Für Erstausbildungen im Pflegeberuf soll es ab September einen steuer- und abgabenfreien Ausbildungszuschuss in der Höhe von 600 € geben. Umzusetzen ist dieser Teil des Pflegepakets allerdings von den Ländern, mit dem vorliegenden Pflegeausbildungs-Zweckzuschussgesetz werden lediglich die Rahmenbedingungen für die finanziellen Zuschüsse des Bundes von insgesamt 225 Mio. € in den Jahren 2022 bis 2025 geregelt. Damit sollen zwei Drittel des Zuschusses (400 €) abgedeckt, für das dritte Drittel müssen die Länder selbst aufkommen.

Durch Änderungen im Bundespflegegeldgesetz sollte ursprünglich der Bonus für pflegende Angehörige eingeführt werden. Diese Maßnahme wurde durch einen Abänderungsantrag wieder herausgenommen. In Kraft treten wird aber eine monatliche Entlastung von 60 € für Familien mit erheblich behinderten Kindern, da die erhöhte Familienbeihilfe nicht mehr auf das Pflegegeld angerechnet wird. Davon sollen laut Erläuterungen rund 46.000 Personen profitieren. Auch die Fristen für die Beantragung von Pflegekarenzgeld werden verlängert. Um die erschwerten Pflegebedingungen bei dementiellen Beeinträchtigungen der pflegebedürftigen Person besser zu berücksichtigen, wird der pauschale Erschwerniszuschlag zum Pflegegeld für Erwachsene mit einer schweren geistigen bzw. psychischen Behinderung von monatlich 25 auf 45 Stunden erhöht.
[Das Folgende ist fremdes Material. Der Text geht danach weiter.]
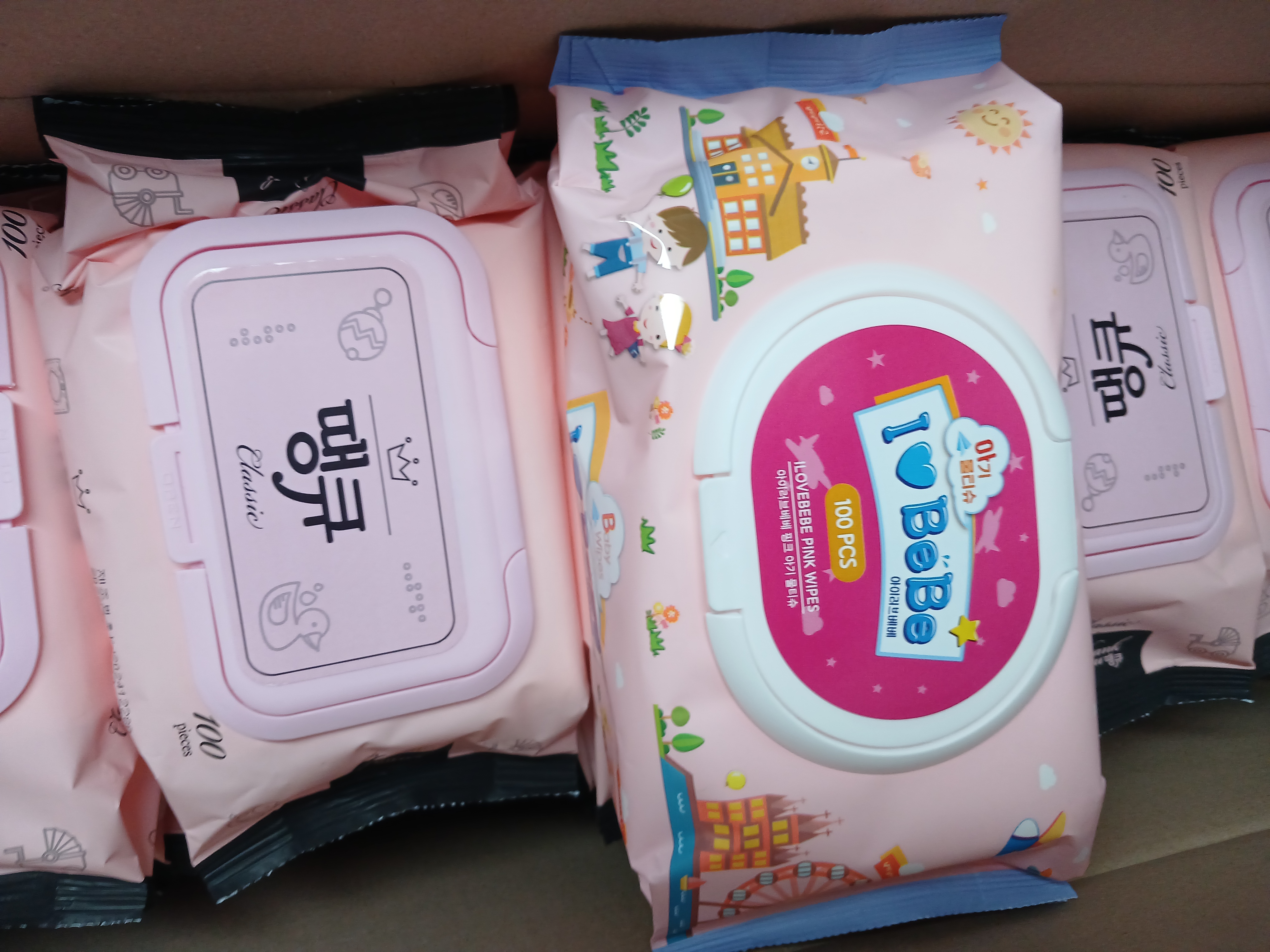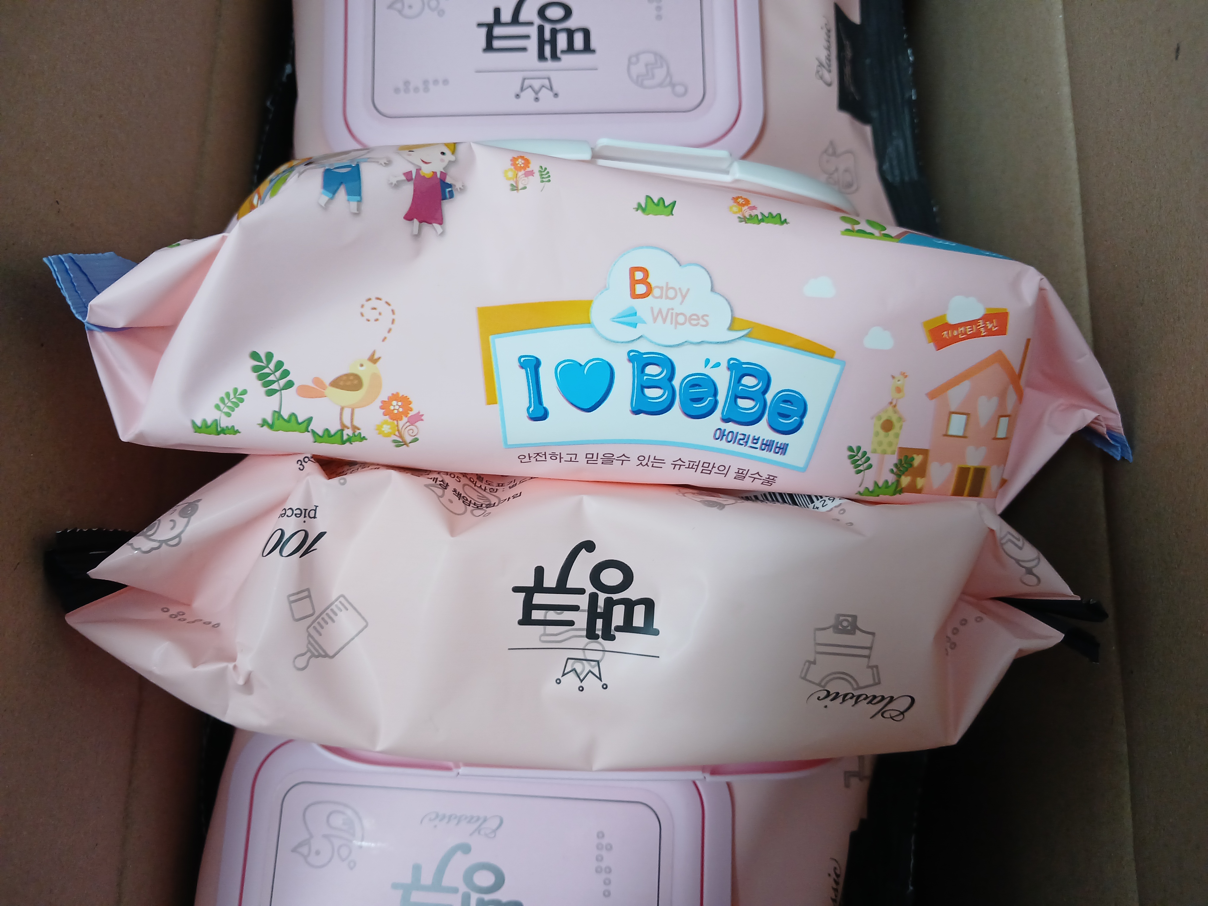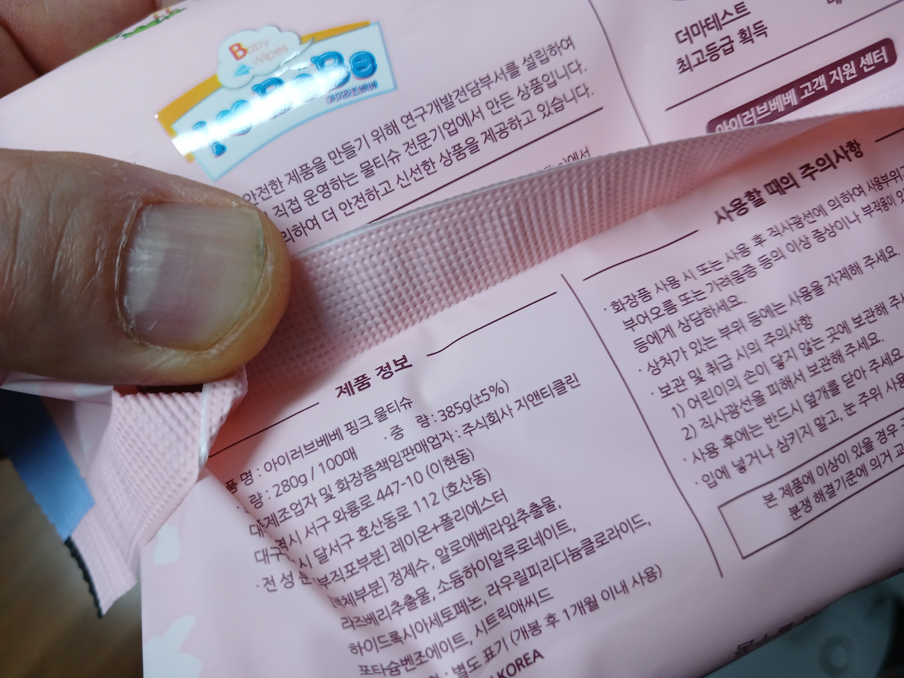기존에 구입했던 이이러브베베 물티슈와 땡큐 물티슈는 1팩에 100매짜리로 동일 규격 같지만 사이즈 차이가 상당하다. 아이러브베베가 더 비싸다.

ÖVP: Ein guter Tag für die Pflege

Heute sei ein besonders guter Tag für die Pflege, weil dafür insgesamt 1 Mrd. € bereitgestellt werden, hob ÖVP-Klubobmann August Wöginger hervor. Sein Dank gelte dem zuständigen Sozialminister Rauch, der dieses Thema seit seinem Amtsantritt prioritär behandelt und ein sehr gutes Paket auf den Weg gebracht habe. Um den drohenden Personalmangel aktiv entgegenzutreten, werden eine Reihe von Maßnahmen gesetzt, wie etwa die Gehaltserhöhungen für die Bediensteten im Pflegebereich. Davon umfasst seien nun auch die rund 12.000 Heimhelfer:innen und die Behindertenbegleiter:innen, die ebenso durchschnittlich ein zusätzliches Monatsgehalt erhalten werden. Weiters erwähnte Wöginger den Ausbildungszuschuss von bis zu 600 €, die Verbesserung des Pflegekarenzgeldes, die bessere Unterstützung von pflegenden Angehörigen, die Aufstockung des Demenz-Zuschlags, sowie die geplante Einführung einer Pflegelehre im Rahmen eines Modellversuchs. Den kurzfristig eingebrachten Abänderungsantrag rechtfertigte Wöginger damit, dass die Ausweitung des Angehörigenbonus auf weitere Personengruppen wie beispielsweise Pensionst:innen legistisch gut vorbereitet werden müsse. Dazu brachte er auch einen Entschließungsantrag ein, indem der Minister aufgefordert wird, dem Nationalrat eine entsprechende Regierungsvorlage zu übermitteln.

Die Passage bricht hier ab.